What you are asked to do:
Locate every line in the material below that has the word "Kunisaki". Copy each of those lines.

Listed entries:
____
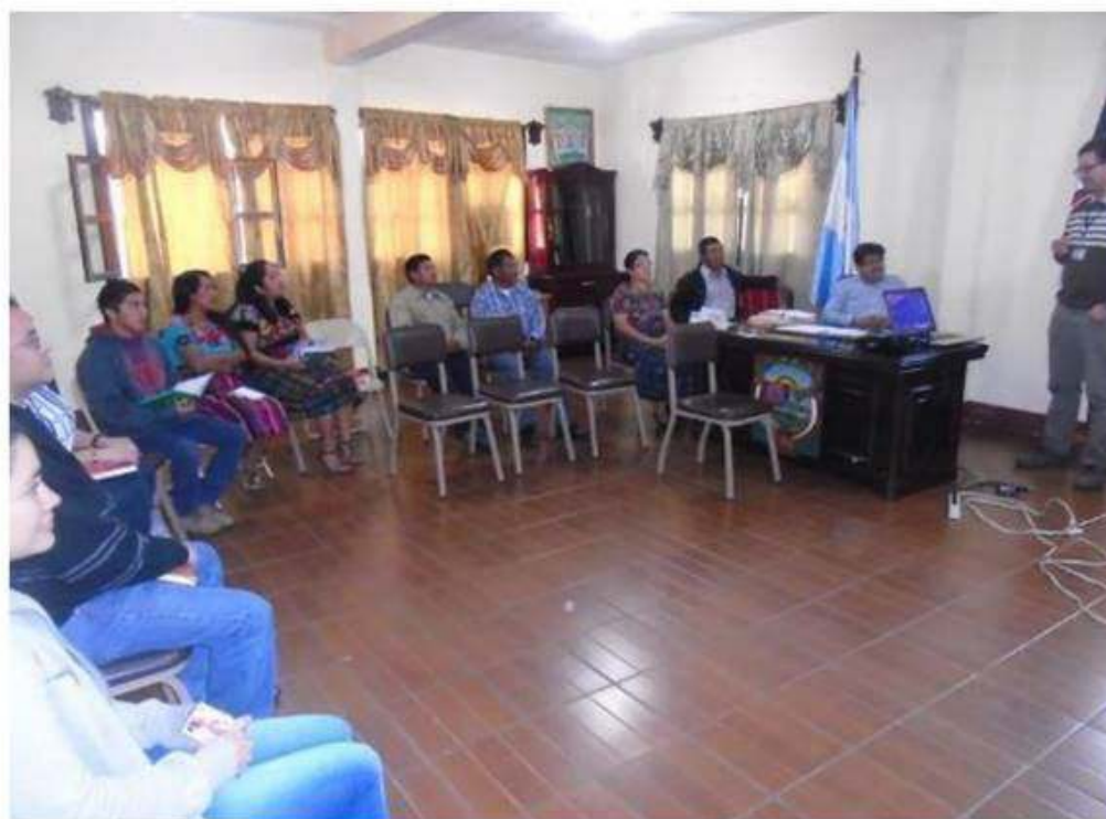
Socialización de resultados finales
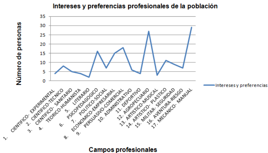
Figura 1 . Campos

siguientes agremiaciones; Asociación de Sordos de Barrancabermeja y el Magdalena Medio (ASOBAM) e Institución Educativa José Prudencio Padilla (CASD). En cuanto al nivel de escolaridad, es posible inferir que existe una alta tasa de deserción escolar en los niveles de educación primaria y bachillerato. De igual manera la tasa de ingreso a la educación superior es mínima. Por otro lado, es importante mencionar que gran parte de la población ha iniciado el ciclo de la secundaria y tan sólo un número levemente mayor ha culminado dicho ciclo. Así mismo el grado escolar con mayor participación de la población es el sexto. profesionales de interés y preferencia de la población.
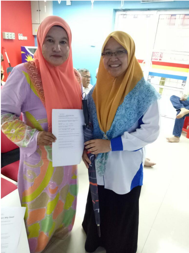
Serahan Borang PBT oleh Wakil AJK Persatuan
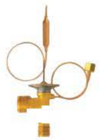
RG-58116 车型：本田 (HONDA) 入口：M16X1.5 出口：M22X1.5 平衡器：M12X1.25 配件：O型 制冷量：0.5T-2.5T
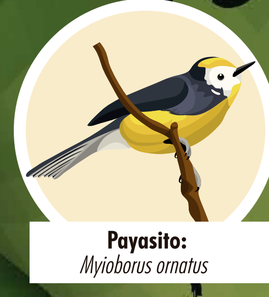
Payasito: Myioborus ornatus
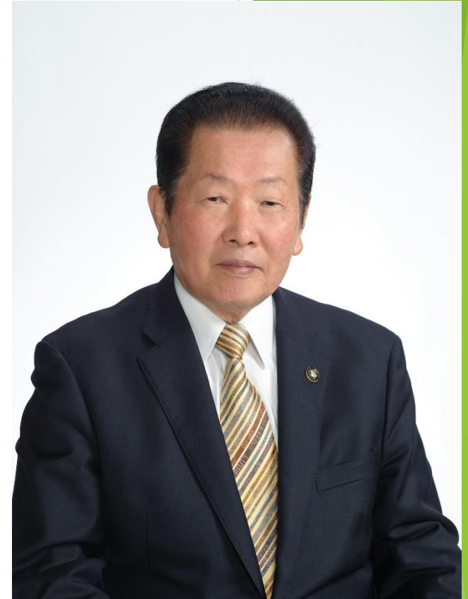
KOC (Kunisaki Onimpic Committee) chairman (Rokugo-manzan Japan-heritage council)

We would be grateful if you could participate in the Onimpic Games in order to liven up the Kunisaki Peninsula.
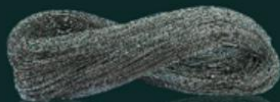
DÂY CHÌ LEAD LINE
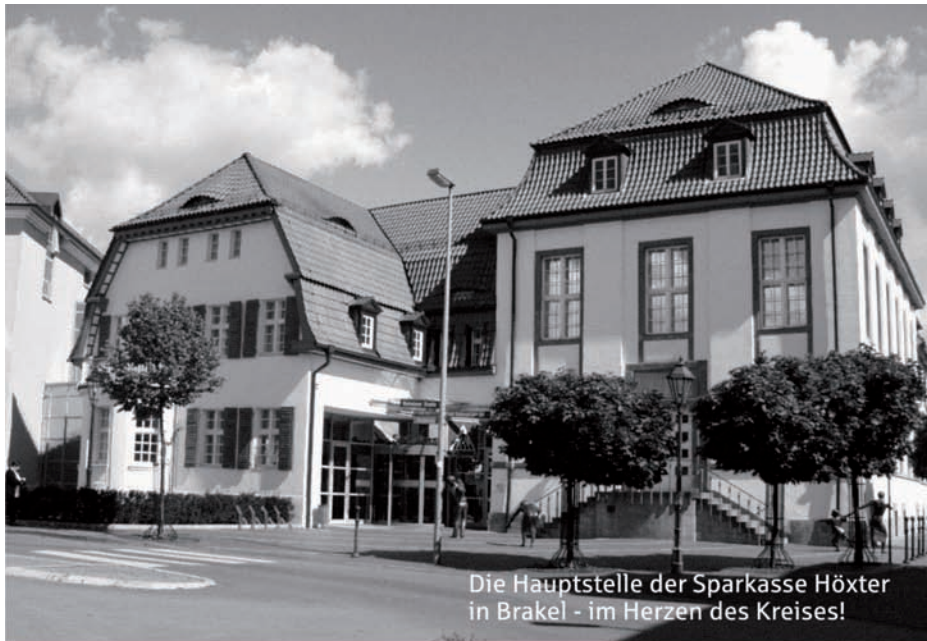
Die Hauptstelle der Sparkasse Höxter in Brakel - im Herzen des Kreises!
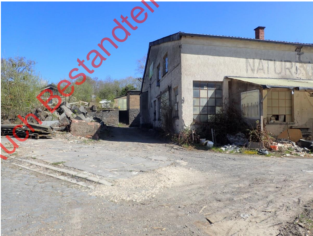
Bild 06: Die Gewerbeflächen bieten eine Vielzahl potenzieller Quartiere für Gebäudebrüter
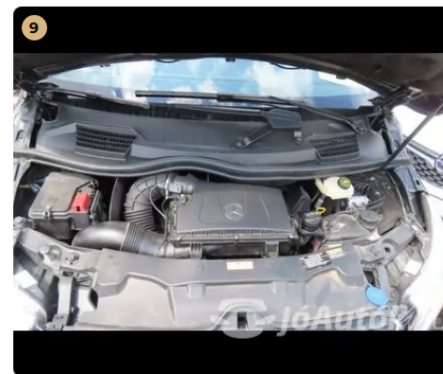
✓ Motor Motortérben olajfolyás nem látható. -
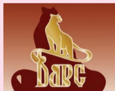
Вятская Меховая Фабрика г. Киров

Верхняя Салда / 25 декабря / с 10 до 18 ч. Кинотеатр «Кедр», ул. Энгельса, 38
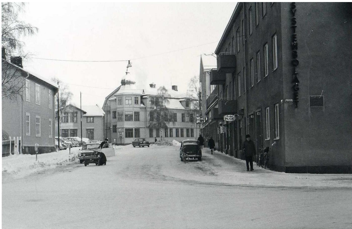
Foto 1960-tal. (Pågående byggverksamhet förhindrar att aktuellt foto från södra änden av Götgatan.)

synas mot himlen ovanför taket på Arken 10. Där de på så sätt kommer att underminera och försvaga tornhusets avsett dominerande roll.
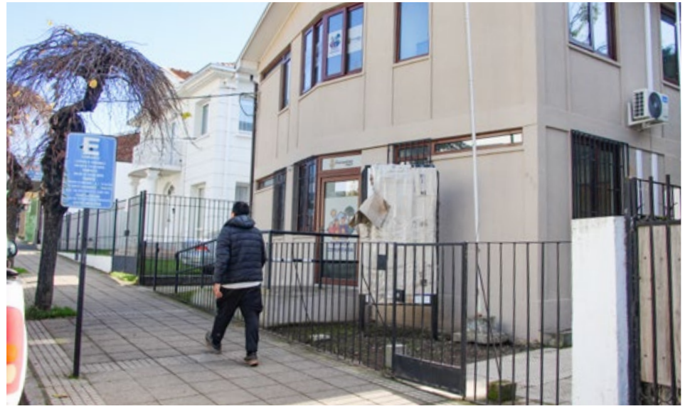
La Farmacia Comunitaria funcionará en el inmueble que durante años ocupó el Cantón de Reclutamiento, frente al edificio del CFT Estatal de La Araucanía.
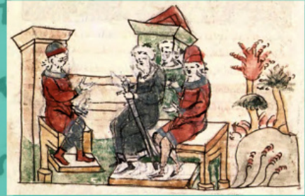
Рада Володимира з боярами і городянами. Мініатюра з Радзивілівського літопису

Далі літопис оповідає про так зване випробування вір. Це оповідання також, у легендарній формі має багато історичних вірних деталей.
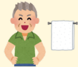
Não compartilhe toalhas ou roupas

4. Aumente sua imunidade: faça refeições balanceadas, pratique exercícios leves regularmente etc.
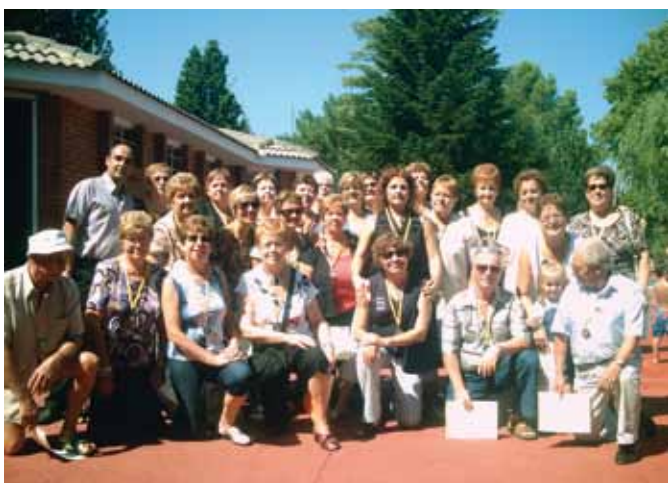
Entrega de medalles del curs de natació per a gent gran

Dir també que els cursos de natació han tingut una gran afluència de nens i nenes, que n'han après molt, i que estem molt contents de poder contribuir així en el seu aprenentatge. L'estiu també s'aprofita tot gaudint-ne.
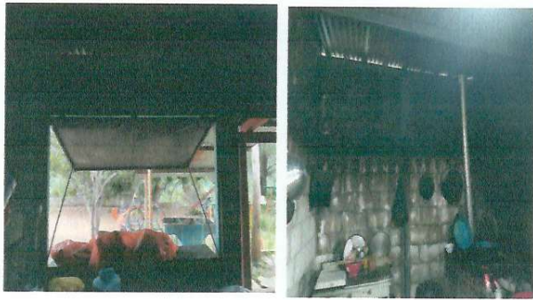
FOTO 1: Mejoramiento de cocina, pintura, cambio de ventana por cortina metálica, cambio de loza por piso de cerámico.
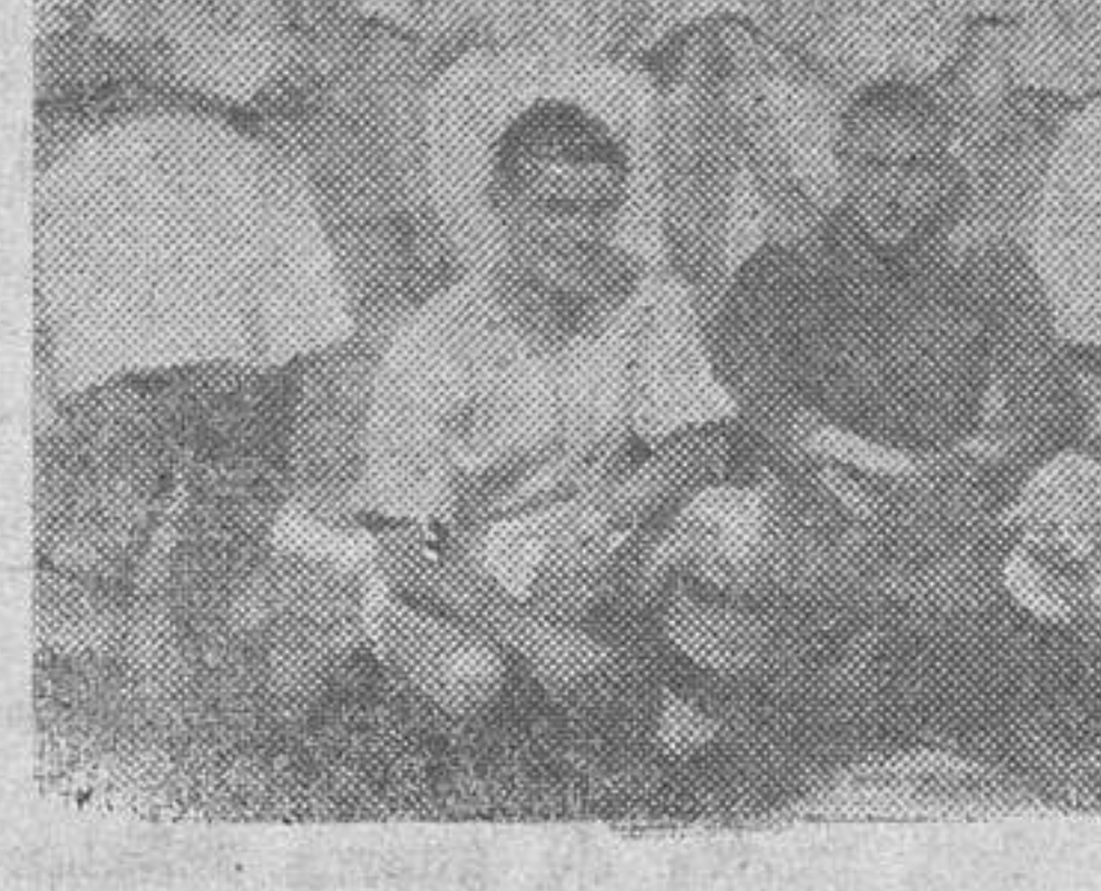
El equipo vallisoletano

Seguro, pero de tosco estilo y muy poco amigo de las salidas, junto al del fino interior madrileño.
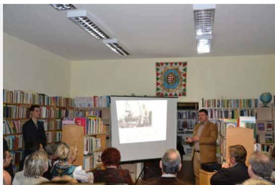
Az ünnepélyes átadón...
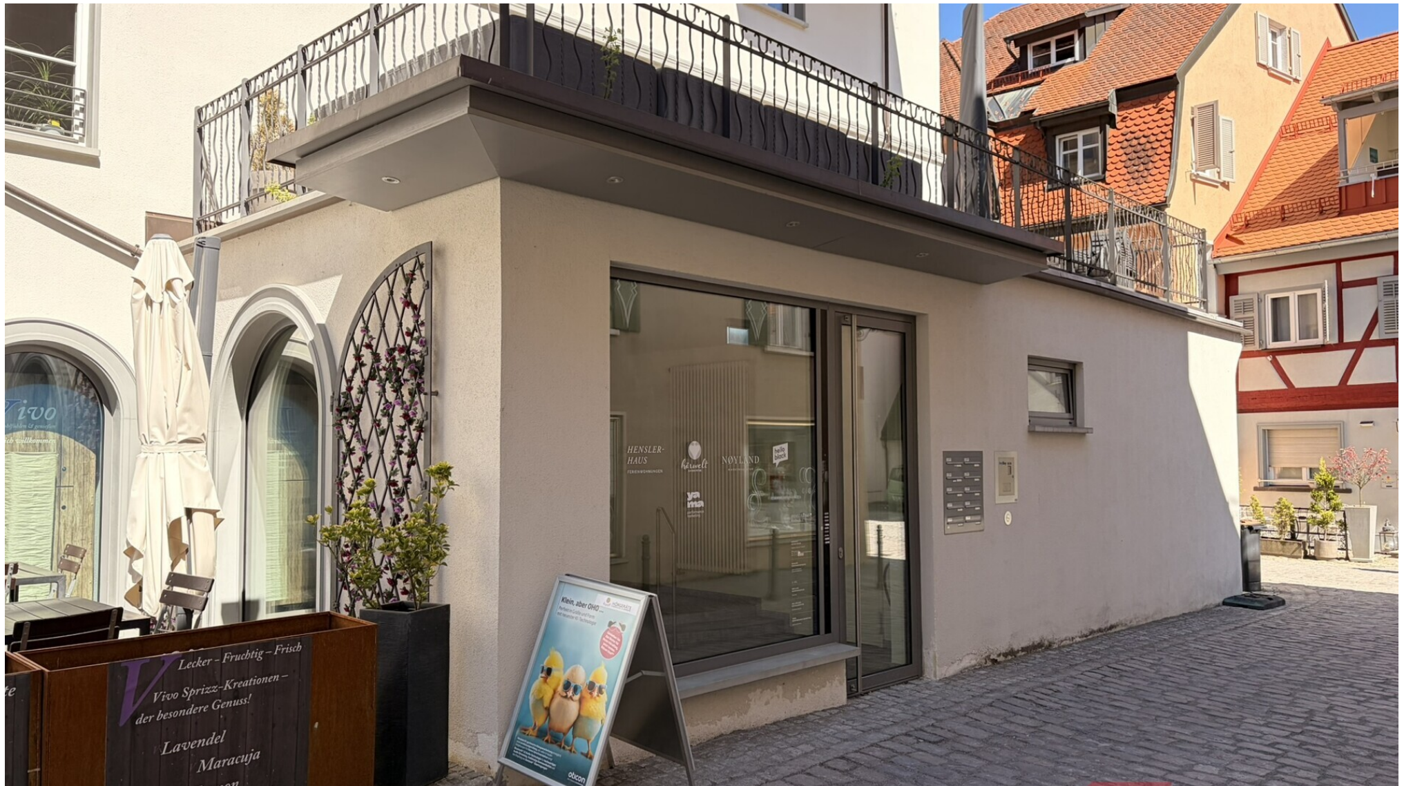
Eingang zum Treppenhaus
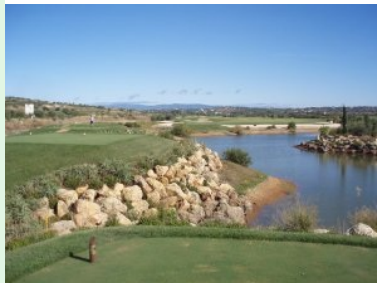
Loch 6 (Par 5, 489m)

Gegenhang. Man spielt teilweise über riesige Gräben auf schräge Landezonen, durch mediterrane Vegetation. Alle Spielbahnen haben 5 Teeboxen (die Championship-Tees haben die Farbe Gold), die meisten davon baulich voneinander getrennt. Hut ab vor Nick Faldo, der Platz ist mit das Beste was ich bisher gesehen und gespielt habe. Nick Faldo lobt naturgemäß auch seinen Platz an der Algarve: "Der Platz hat sich toll entwickelt, er ist schnell erwachsen geworden, er hat das Zeug ein perfektes Beispiel für einen mediterranen Wüstenkurs in Europa zu werden. Das Projekt gab mir die Möglichkeit, ein sehr strategisches Design zu entwickeln und ich denke, dass der Platz für viel Aufmerksamkeit an der Algarve sorgen wird."
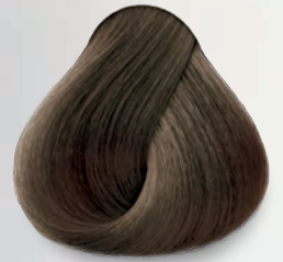
7.1 Rubio Cenizo Ash Blonde
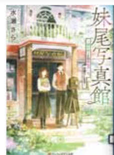
妹尾写真館 ～帰らぬ人との最後の一枚、お撮りします～
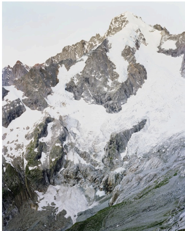
Glacier de l'A Neuve, vue prise de la cabane de l'A Neuve Tirage sur papier de riz, dimensions : 60 x 75 cm
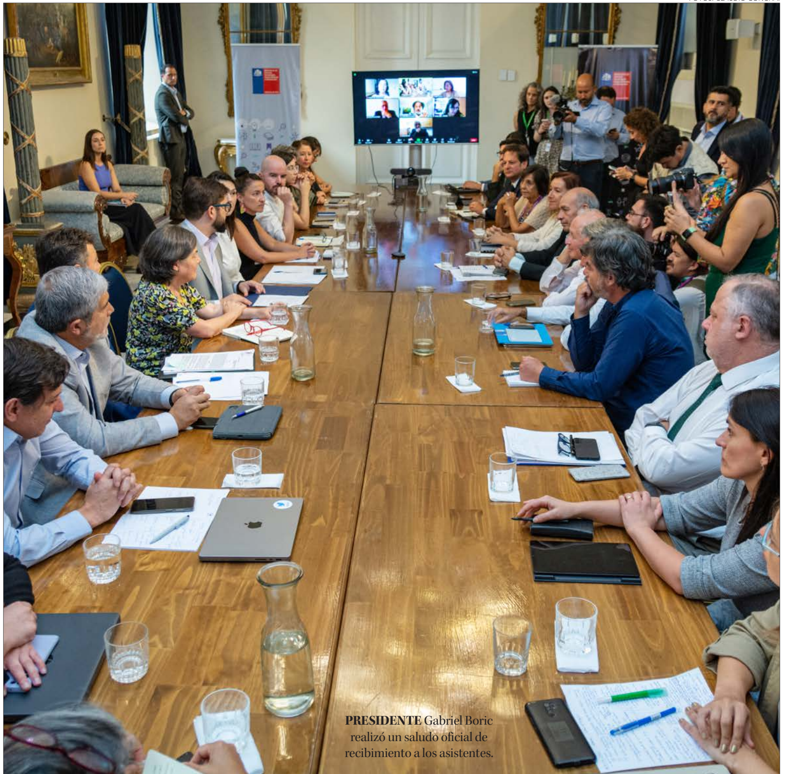
PRESIDENTE Gabriel Boric realizó un saludo oficial de recibimiento a los asistentes.
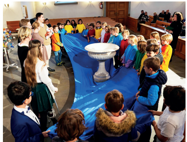
(oben) Taufgottesdienst mit den 3. Klass-Uni-Kindern (unten) Gottesdienst im Alterszentrum Serata

Die Gottesdienste nahmen in diesem Jahr an Fahrt auf und an Farben zu. Neu darunter der Schnitzelbankgottesdienst zur Fastenzeit, dessen Texte von der Begrüssung bis zum Segen in Reimen gestaltet waren. Ebenfalls mit einem neuen Akzent versehen, gestalteten sich die ersten als «FamilienKirche» bezeichneten Feiern, interaktiv und generationenverbindend. Bei den Feiern, die die Kirche zum Begegnungsort unter der Woche werden lassen, bewährte sich das «Innehalten um 12» als eine Form, die sich in der Kampagnenzeit von HEKS bedürfnisgerecht als ökumenisches Fastenessen gestalten liess.
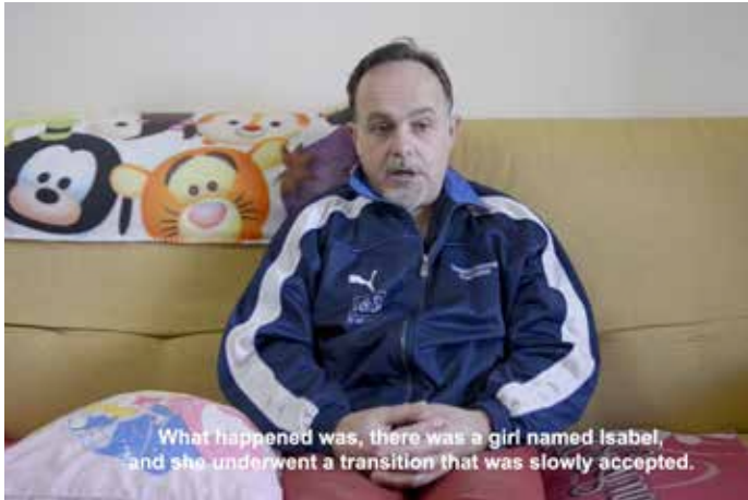
Entrevista al padre de Gabriel: enlace
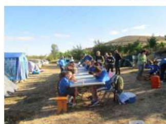
Acampada de Argaño
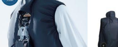
LX-6700WHVS(シルバー) LX-6700WHVN(ネイビー)
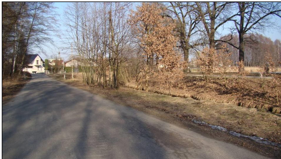
Fot. 1 Ul. Nad Jeziorem, północno-zachodnia część obszaru objętego mpzp
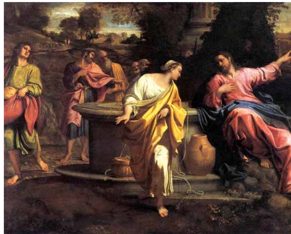
CRISTO E LA SAMARITANA - ANNIBALE CARRACCI - SECONDA METÀ DEL XVI SECOLO
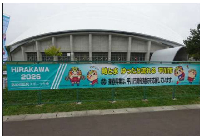
応援横断幕を掲示
____
Final answer:
KOC (Kunisaki Onimpic Committee) chairman (Rokugo-manzan Japan-heritage council)
We would be grateful if you could participate in the Onimpic Games in order to liven up the Kunisaki Peninsula.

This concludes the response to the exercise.